New Delhi: Trudging past 149 clauses and armed with a Hindi-to-English dictionary, Clause 150 that intends to replace sedition,  stares us in the face at page 48 of the proposed Bhartiya Nyaya Sanhita, 2023, the bill seeking to replace the Indian Penal Code (IPC) 1860.

On 11 August 2023, one year and three months after the Supreme Court stayed the operation of section 124-A, home minister Amit Shah introduced three bills to overhaul the existing 163-year-old Indian Penal Code (IPC), 50-year-old Code of Criminal Procedure and the 151-year-old  Indian Evidence Act, which a Committee for Reforms in Criminal Laws (CRCL) was tasked with in May 2020. The minister did this on the last day of Parliament just before it was adjourned, putting to rest any chance of a debate or a discussion on the impact of such monumental changes in the everyday lives of 1.3 billion people.
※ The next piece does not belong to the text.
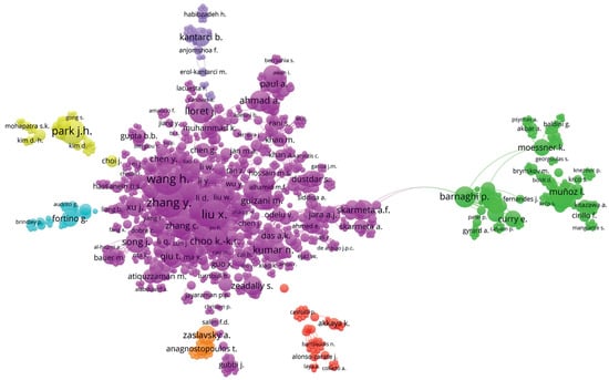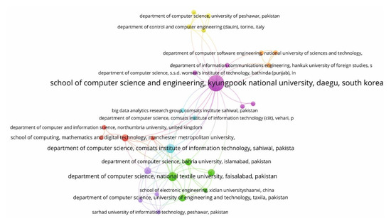 Finally, cluster seven (orange) groups, among others, the Department of Computer Software Engineering, National University of Sciences and Technology (Pakistan); the Department of Information Communications Engineering, Hankuk University of Foreign Studies (South Korea); and the Department of Computer Science, Sarhad University of Information Science and Technology (Pakistan).

Shah said that these bills would be referred to a parliamentary standing committee, which now has approximately four months to submit its recommendations before the winter session in Parliament in November-December 2023, at which point it is highly likely that these bills will become laws. With an eye on the general elections in 2024, the home minister hopes to appeal to an audience that will applaud the optics of replacing the old colonial past with the new.

Except, has anything changed from the British Raj to now?
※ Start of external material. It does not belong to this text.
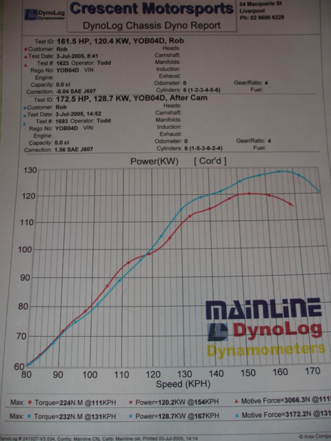 although joe has said auto in the post above my car is actually manual. Previous mods: pacemaker extractors, std cat, 2.5" exhaust with 2 mufflers, thermo fans and xg snorkel. 3.27 diff ratio, std filter and 296,000 kms. first run on the dyno resulted in 161.5HP, 120.4KW @ 154kph in 4th gear. i have run before at wsid and have done a 15.7 1/4 mile, i will run again hopefully within the next month. Then the cam was installed with many thanx to dave(mre40l), tony and joe, with no real hiccups and fired up first kick, we let it idle for a while to bleed the lifters and then went for a quick run around the block before putting it back on the dyno again. second run on the dyno saw an increase to 172.5HP, 128.7KW @ 167kph again in 4th gear. max torque went from 224nm @ 111kph up to 232nm @ 131kph, at the same speed (131kph) with the original cam the new cam made around 25nm more, very noticable on the street. real world (on the street): i noticed straight away the difference under light throttle excelleration, definetly pulls stronger when just driving normal. this should equate to an actual saving in fuel if not driving flat out. when i nail it now it definetly pulls much stronger through the midrange and has moved the power further up the rev range, where it used to taper off before around 5000rpm it is still pulling all the way to 5600-5800rpm now. the idle is slightly lumpy but nothing you would really notice and the only issue i have had so far is i am having trouble with the idle speed controler dealing with the idle for the moment, but a quick reset of the base idle has improved it already and with a bit more mucking around im sure it will be sweet. overall i am happy with the improvement and would recommend this cam to anyone looking for the next step from exhaust and cai without wanting to go wild, std ecu and injectors and your mrs can still drive it to the shops without whinging about it being a pig and keep good economy.

The answer, certainly in the proposed Clause 150, is an unambiguous no. Indeed, the ambiguity, legislative intent and punishment are starker and stronger than the old law, which itself, as Article 14’s sedition database—13,000 people charged with sedition over 11 years—clearly revealed, was widely misused in disregard of Supreme Court judgements against all manner of dissenters, journalists, minorities, political opponents and ordinary citizens.